Above formula has some errors, it doesnt works if we enter year ending dates like 31-12-2014 in D2 and range of 7 days in E9. Pls fix this so it can show upcoming birthdays of users having birthday in upcoming 7 days (January)

Another error I found was, if we enter dates like 29-02-2014, D11 says *#N/A* why so ! All other dates are working fine, then why animosity with february last day.

*2 more things i wish to change,* 

*1.* D11 should show date first and names afterwards (instead of names first and dates afterwards)
Like This

15-04 - user1, user2
21-04 - user3, user4
27-04 - user11, user6, user88, user509


I think this will be easy for you, just changing positions (though i dont know, how to do it  :Smilie:   )

*2.* Dates in cell D11 are not in order, Pls fix this. it should be like this

15-04 - user1, user2
21-04 - user3, user4
27-04 - user11, user6, user88, user509

*and not like this*

21-04 - user3, user4
15-04 - user1, user2
27-04 - user11, user6, user88, user509


Query & Explanation over.

*Few suggestions* (ideas) coming in my mind:
#2 would be easy i think, I dont know how to do it, But by anyway if we can sort column B by dates (ascending) (or by pulling and sorting it to column C).

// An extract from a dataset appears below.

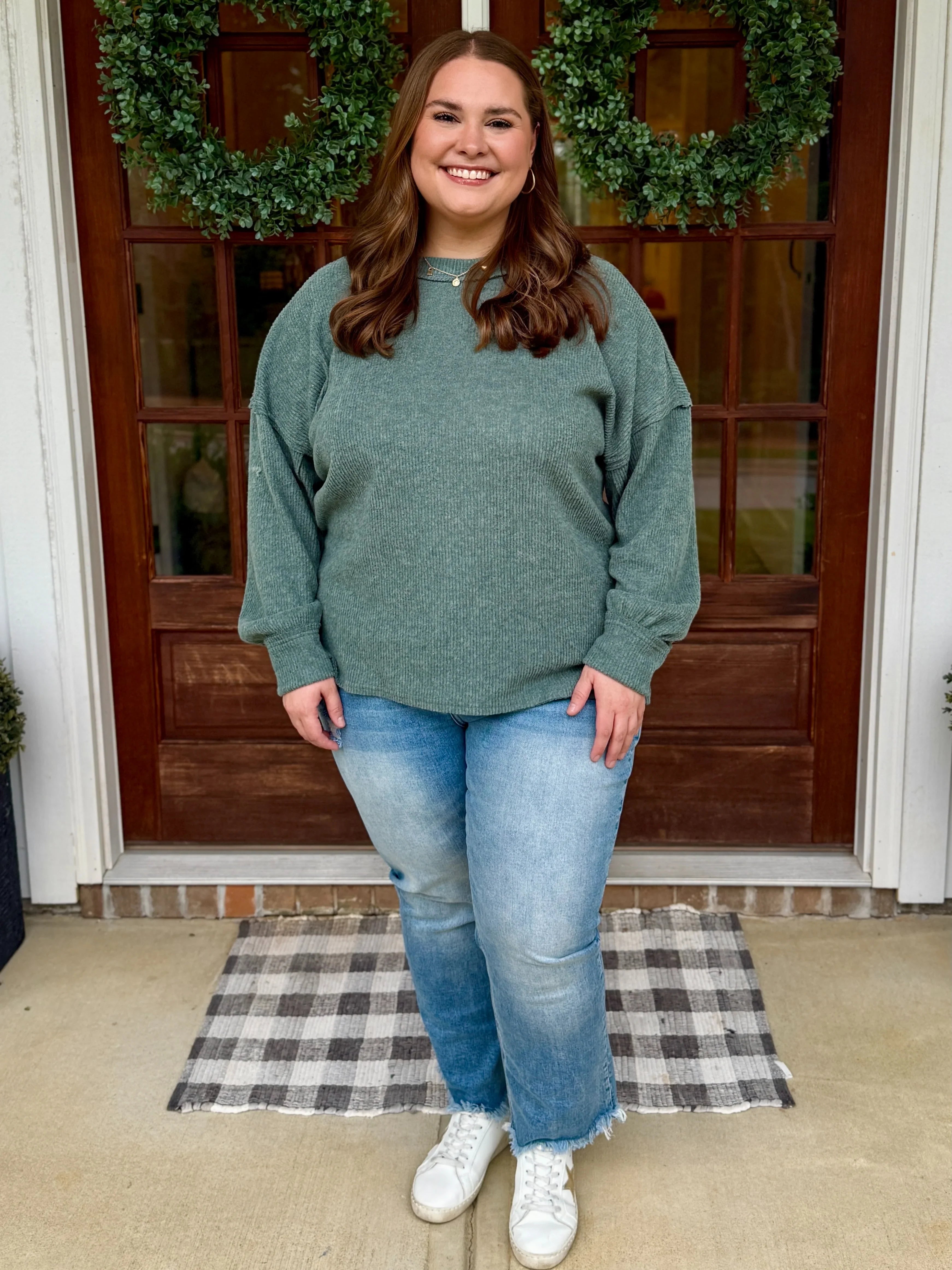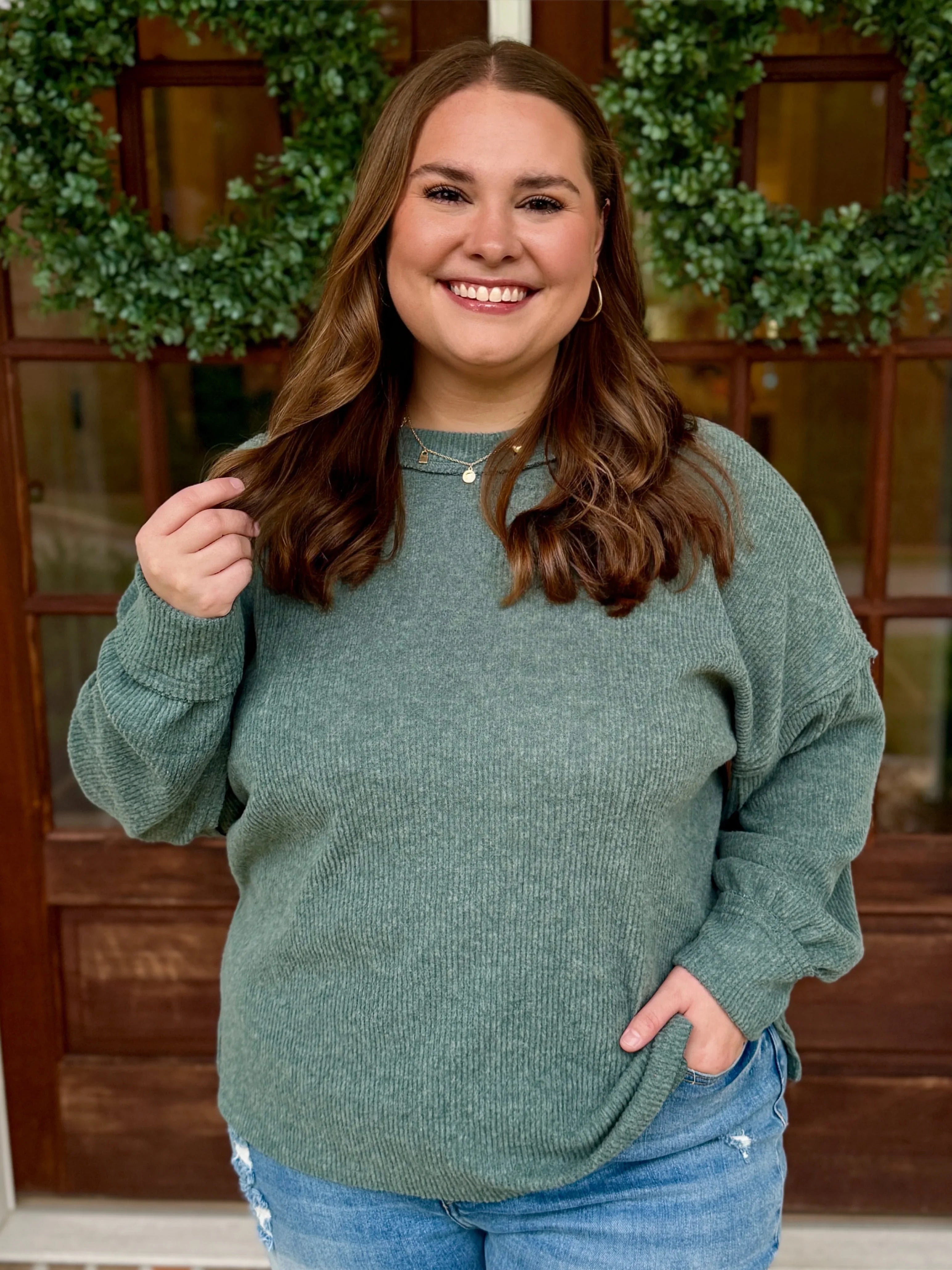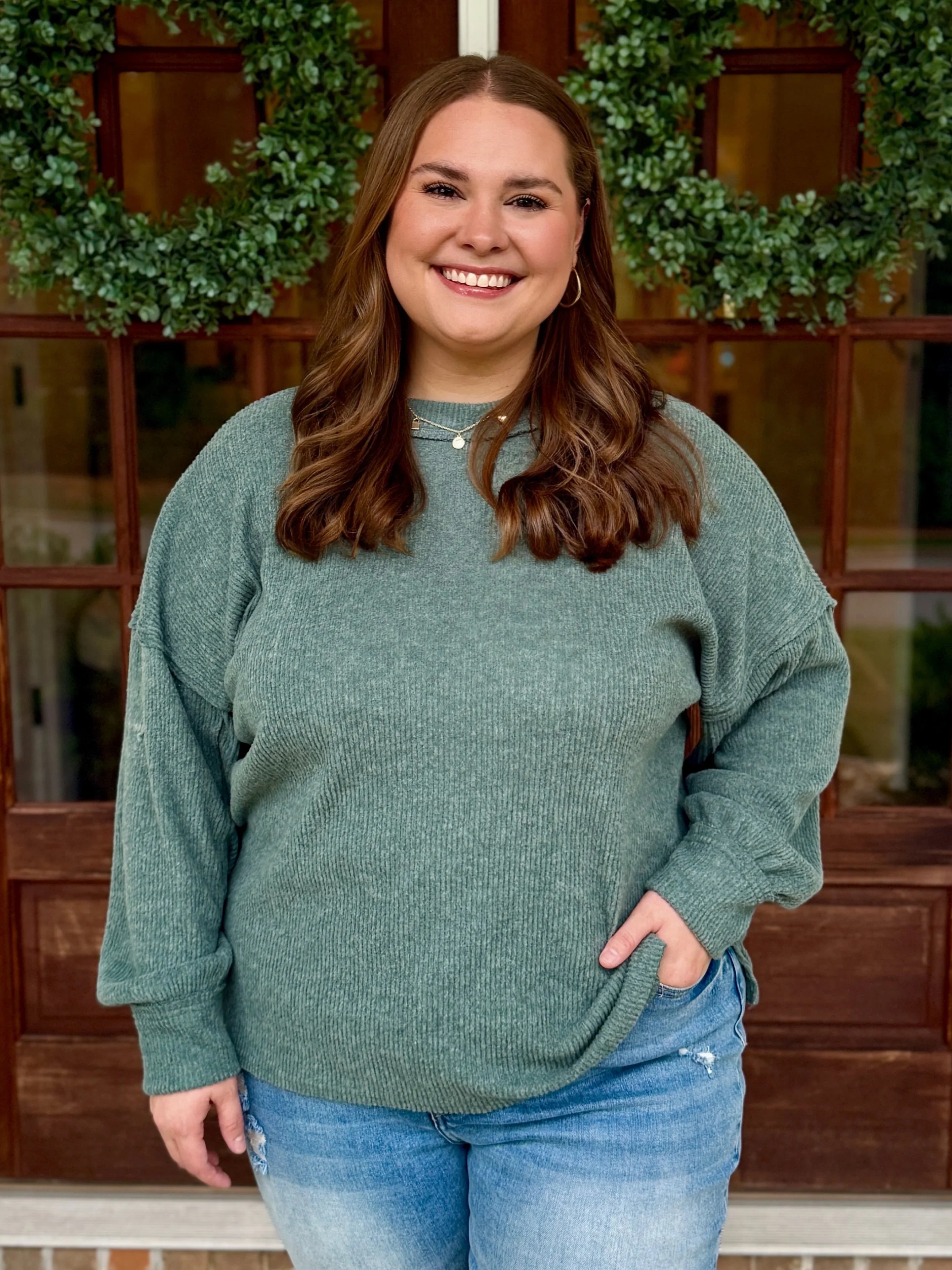 VICTORIA Ribbed Brushed Sweater Top (Jade) (S-3X)

As far as i can understand, i think YEAR has no role in any formula, formula works only on mm (month) and dd (date), so why not to sort only dd/mm in column C and then pull it to D11 formula. Well this is just a guess 

Thanks for all your time and efforts.

Waiting ...

----------


## Pete_UK

I don't use Google Docs, so I saved the file in xlsx format to my hard disc. When I opened it in Excel I noticed that many of your dates are not true dates - instead they are text values which just look like dates. I can change them using this formula in C2:

=IF(ISNUMBER(B2),B2,DATEVALUE(B2))

and then fix those values and paste them back into column B, but I wonder if Google Docs makes the distinction between true dates and text-dates?

I also wonder why you specifically want the matching names in one cell. Excel is not very good at multiple conditional concatenation, and so it will be easier to do this on successive rows, so that means using helper columns - will that be acceptable to you? (The helper columns can be hidden from view). If you do want just one formula, how many names (maximum) would you expect to have a birthday on any one day?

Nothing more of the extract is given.